Forthcoming
GRBS 64.4:
Theodora A. Hadjimichael, “Editing the Text of Homer in Plato’s Republic”
Socrates’ selecting and quoting of passages can be seen as an example of early Homeric criticism and proto-scholarship, especially in the terms applied to his interventions in the text, which are found also of emending and updating public documents.
Leah Kronenberg, “Marcus Argentarius the Iambic Epigrammatist: Homer’s Irus Episode and Philostratus’ ‘Sweet Cure’”
In Anth.Pal. 11.320 Philostratus’ “sweet cure” for his abandonment by Antigone is autofellatio, a joke anticipated by punning references to penis size in the first two lines, which also allude to the ‘iambic’ Irus episode in the Odyssey.
Roser Homar, “Poetry and Handcrafts in Epic and Pindaric Scholia: ἀναπλάττω in Context”
To describe an act of creation, the scholia and also Lucian's Prometheus use ἀναπλάττω in order to stress the material aspect and a process of shaping based on a model, thus evoking artisanal creations.
W. Graham Claytor, “Record of an Enslaved Woman’s Activities”
A papyrus of 141/2, probably from Soknopaiou Nesos, gives unusual information in describing and counting missed work-days.
Alexey V. Muraviev and Mikhail A. Vedeshkin, “Eusebius Pope of Rome, a Legendary Figure of the Hagiographical Tradition”

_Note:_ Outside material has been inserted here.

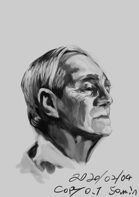 んー、ちと首の角度が違うかな。最初のとらえ方だな。 #模写 #copy #sketch #lessonface https://t.co/403GIS8y0U
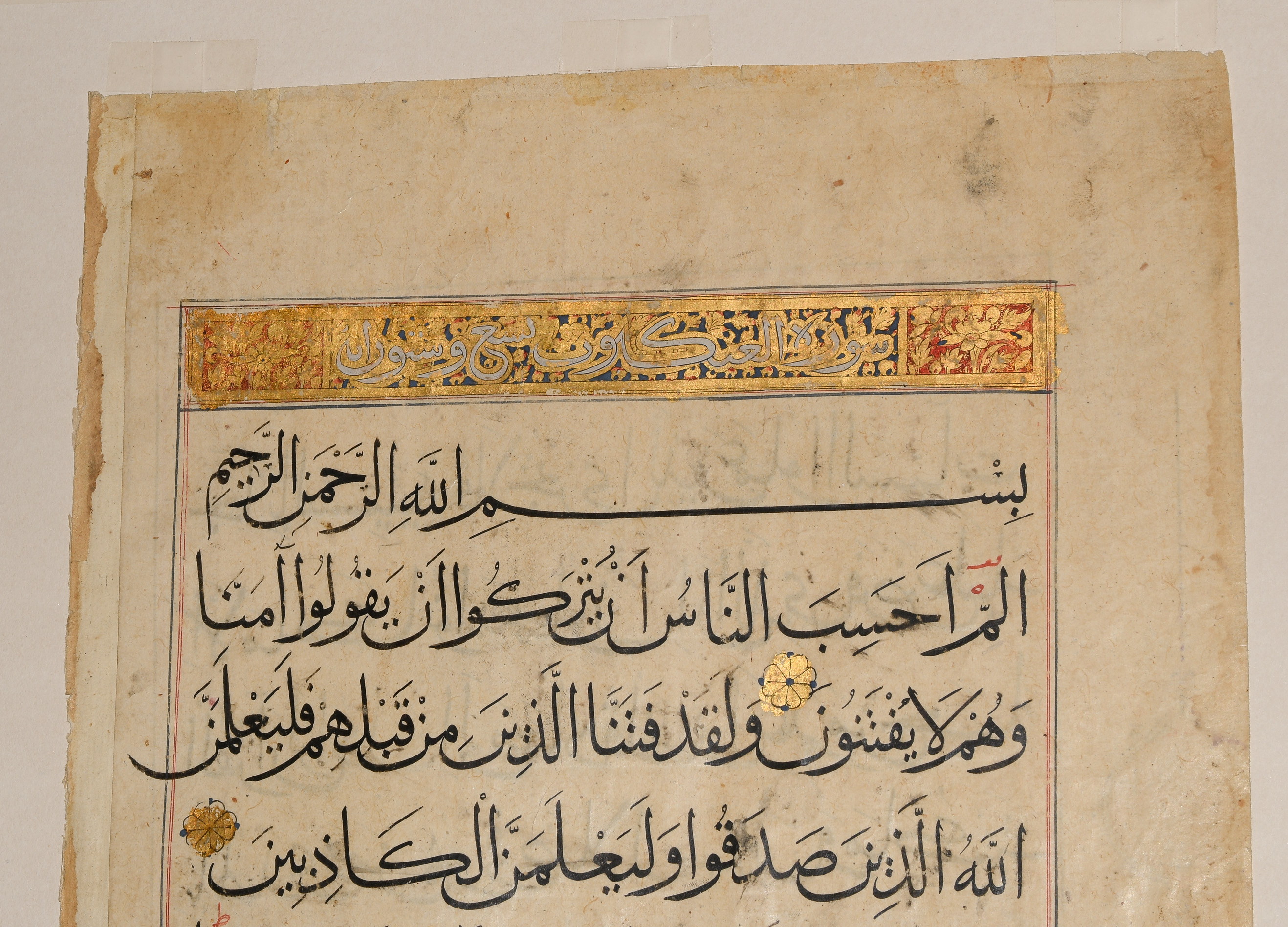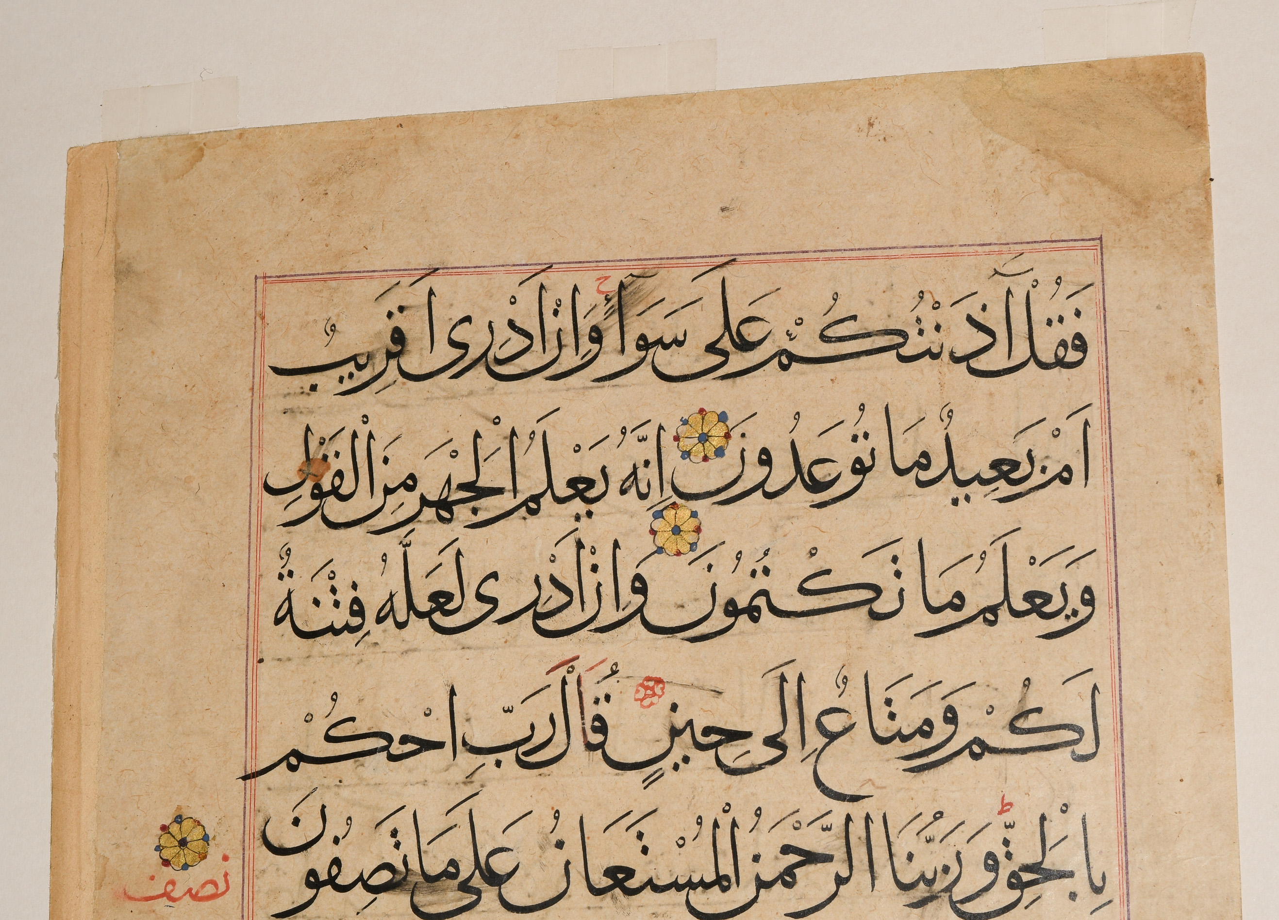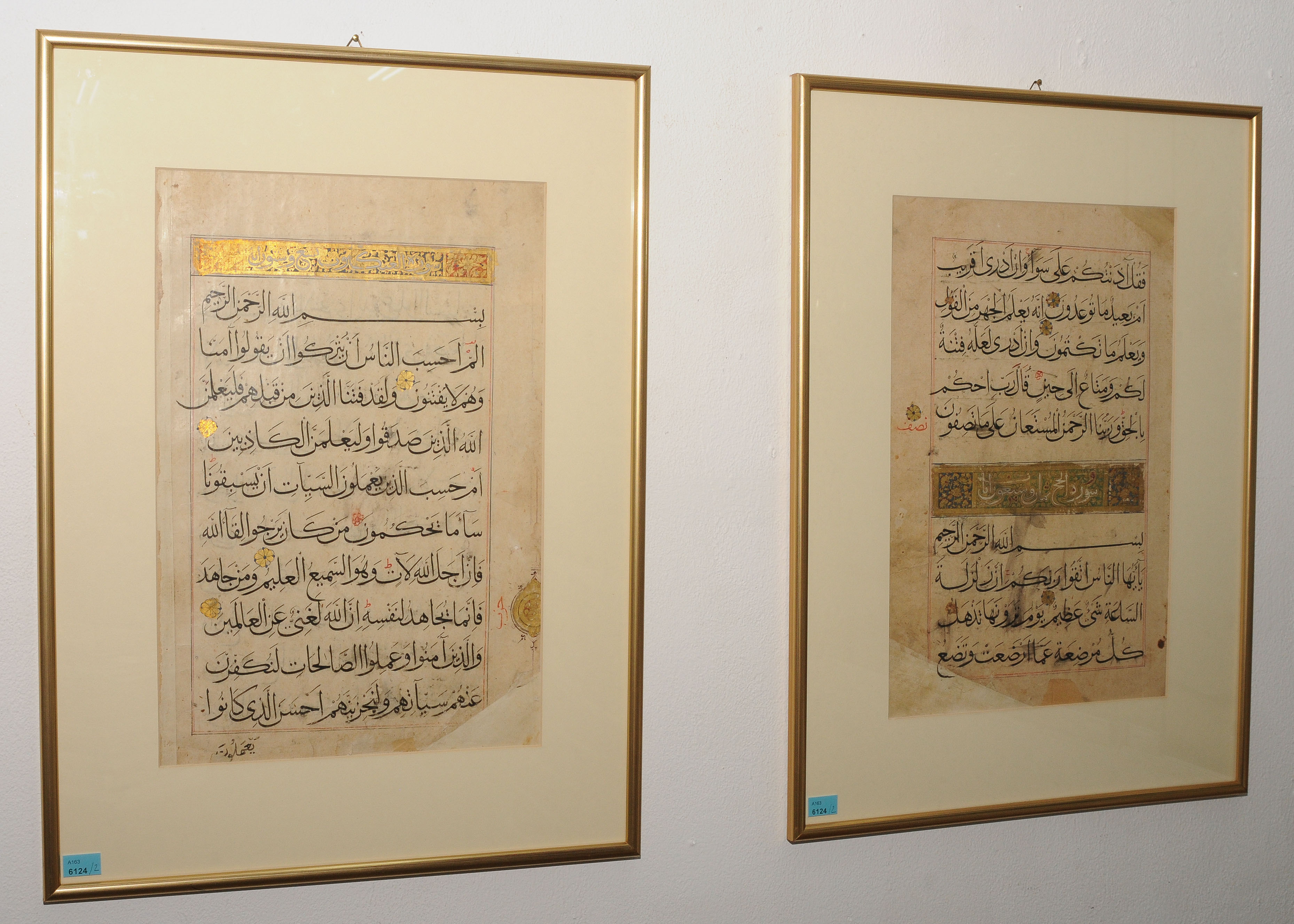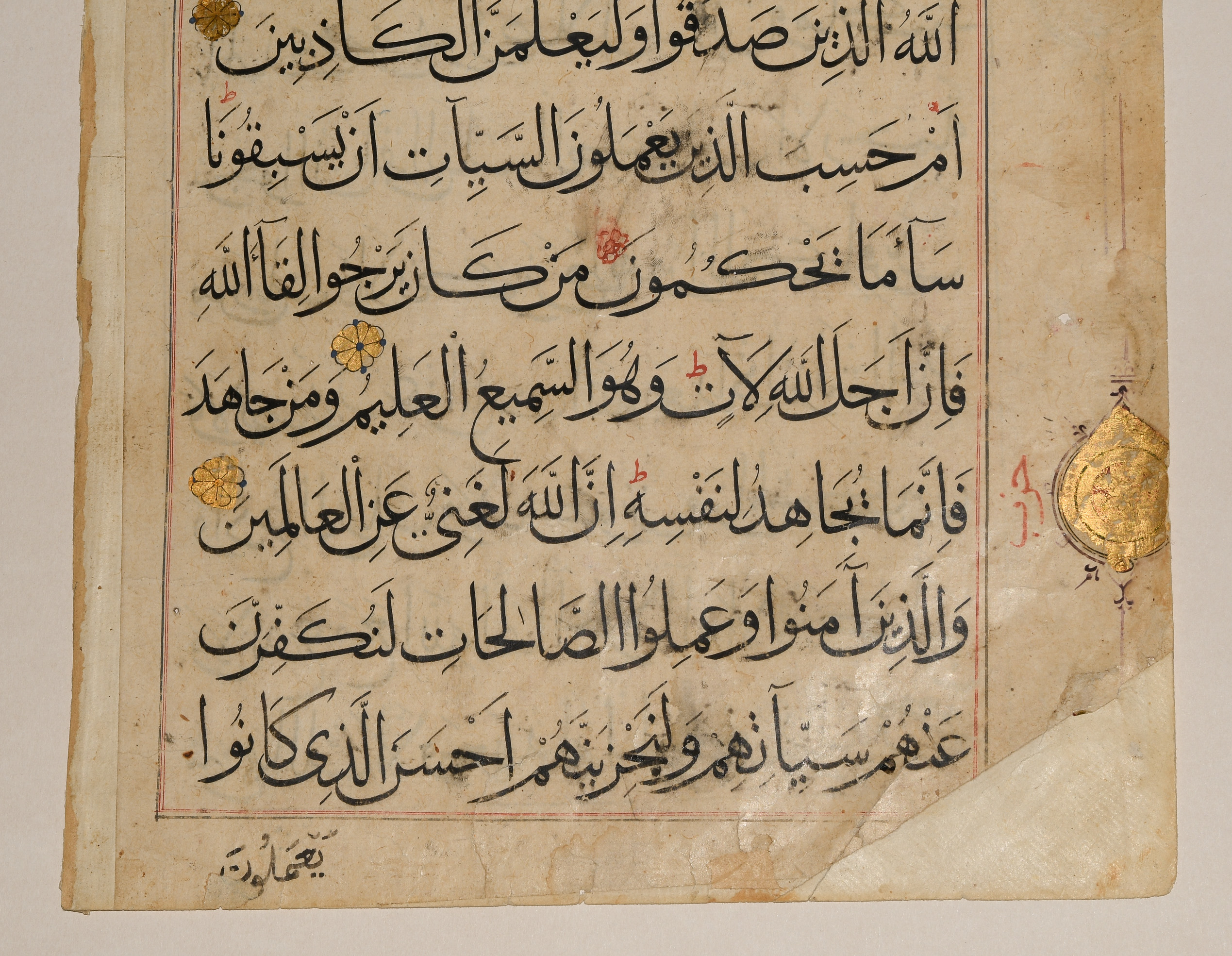 Arabische Koranverse. Tusche, Gold und Deckfarben auf Papier. Ca. 40x27 (Lichtmass), gerahmt 57,5x42,5 cm. - Papier ergänzt. Alters- und Gebrauchspuren.

‘Pope Eusebius’ of the Syriac Julian Romance was not a simple fabrication in the sixth century but was pieced together by conflating several historical Eusebii amid the late antique ambiguity of Rome and New Rome.
Philip Rance, “Some Micro-fragments of Menander Protector’s Histories: The Evidence of the Lexicon Αἱμωδεῖν”
Study of fragments of Menander surviving as lemmata and quotations in this neglected ninth-/tenth-century lexicon can clarify their nature and transmission and their significance for understanding the Histories.